(EXERCISE DESCRIPTION): Once you reach the line with "The image on" in the material below, copy each line exactly up to and including the line with "1 место на PartyPoker", and skip the pictures.

(RECORD SET):
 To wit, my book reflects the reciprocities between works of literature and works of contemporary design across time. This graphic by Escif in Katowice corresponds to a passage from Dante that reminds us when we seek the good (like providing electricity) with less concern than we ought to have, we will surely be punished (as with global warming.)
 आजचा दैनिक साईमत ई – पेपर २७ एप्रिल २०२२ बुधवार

---

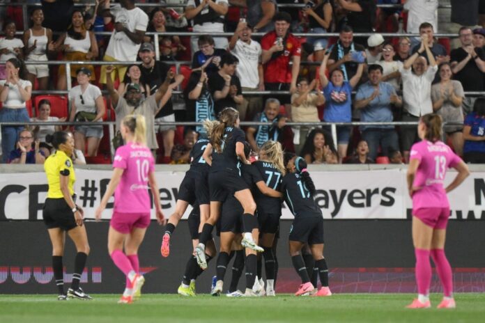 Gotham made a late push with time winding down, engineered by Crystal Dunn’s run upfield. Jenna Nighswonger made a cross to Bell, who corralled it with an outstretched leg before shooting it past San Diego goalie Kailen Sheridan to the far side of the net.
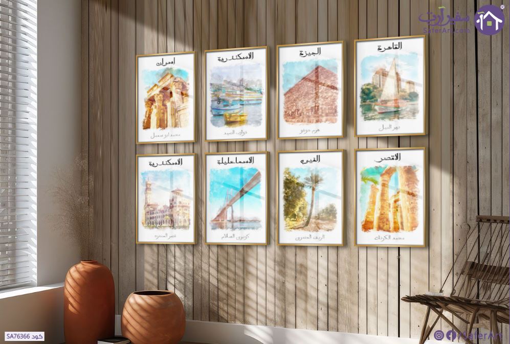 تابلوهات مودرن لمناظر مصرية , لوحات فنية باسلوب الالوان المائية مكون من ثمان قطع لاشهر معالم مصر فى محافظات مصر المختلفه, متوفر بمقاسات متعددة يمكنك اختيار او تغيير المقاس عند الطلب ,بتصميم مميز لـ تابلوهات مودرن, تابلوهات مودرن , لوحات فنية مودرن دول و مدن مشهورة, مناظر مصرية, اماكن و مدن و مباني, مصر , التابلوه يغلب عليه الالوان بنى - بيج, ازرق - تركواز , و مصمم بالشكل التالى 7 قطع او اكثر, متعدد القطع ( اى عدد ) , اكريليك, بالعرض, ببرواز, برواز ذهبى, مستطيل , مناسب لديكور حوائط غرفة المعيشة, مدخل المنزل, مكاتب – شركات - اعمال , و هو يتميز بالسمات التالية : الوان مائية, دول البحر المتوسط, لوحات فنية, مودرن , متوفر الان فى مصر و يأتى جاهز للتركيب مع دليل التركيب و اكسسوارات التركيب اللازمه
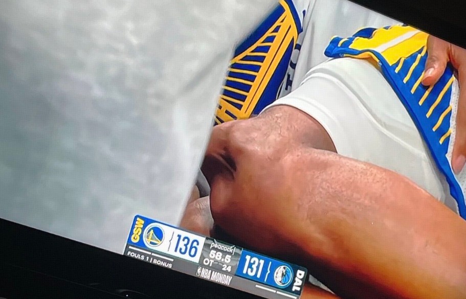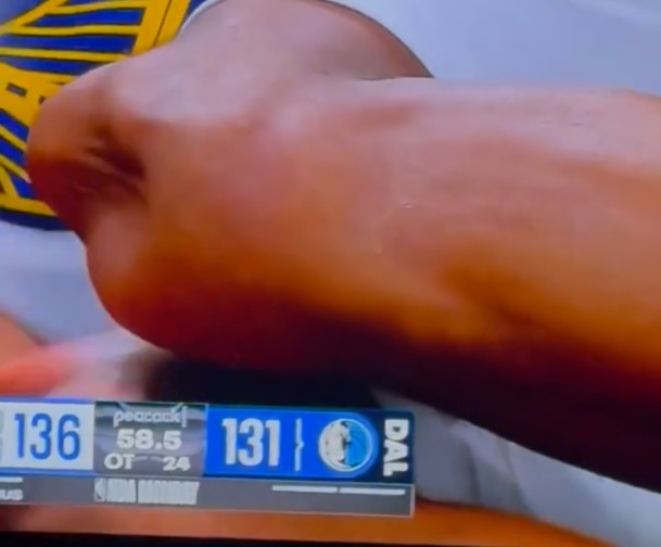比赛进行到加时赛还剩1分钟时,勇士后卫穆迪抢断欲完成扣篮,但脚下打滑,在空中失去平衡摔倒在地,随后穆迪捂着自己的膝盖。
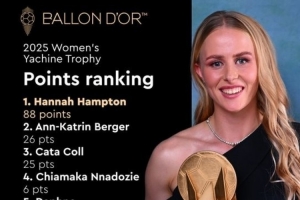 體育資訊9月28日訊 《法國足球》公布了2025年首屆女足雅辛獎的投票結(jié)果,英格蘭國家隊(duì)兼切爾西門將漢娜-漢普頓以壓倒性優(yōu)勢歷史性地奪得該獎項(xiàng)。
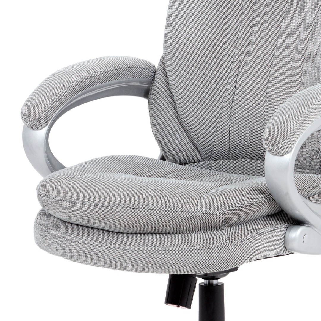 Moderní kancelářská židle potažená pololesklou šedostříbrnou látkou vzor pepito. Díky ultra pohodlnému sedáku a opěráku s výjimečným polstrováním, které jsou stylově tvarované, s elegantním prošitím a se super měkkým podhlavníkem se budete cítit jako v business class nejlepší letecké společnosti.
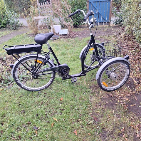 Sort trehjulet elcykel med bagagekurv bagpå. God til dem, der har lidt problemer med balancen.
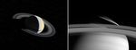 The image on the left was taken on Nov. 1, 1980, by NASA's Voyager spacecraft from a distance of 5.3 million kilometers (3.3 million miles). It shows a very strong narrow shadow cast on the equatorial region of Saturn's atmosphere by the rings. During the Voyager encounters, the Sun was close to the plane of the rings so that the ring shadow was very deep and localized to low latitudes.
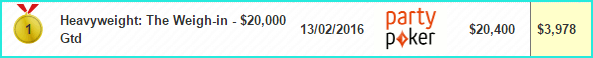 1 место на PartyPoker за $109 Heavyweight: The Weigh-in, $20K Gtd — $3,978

(RESULT FOR THIS TASK):
 The image on the left was taken on Nov. 1, 1980, by NASA's Voyager spacecraft from a distance of 5.3 million kilometers (3.3 million miles). It shows a very strong narrow shadow cast on the equatorial region of Saturn's atmosphere by the rings. During the Voyager encounters, the Sun was close to the plane of the rings so that the ring shadow was very deep and localized to low latitudes.
 1 место на PartyPoker за $109 Heavyweight: The Weigh-in, $20K Gtd — $3,978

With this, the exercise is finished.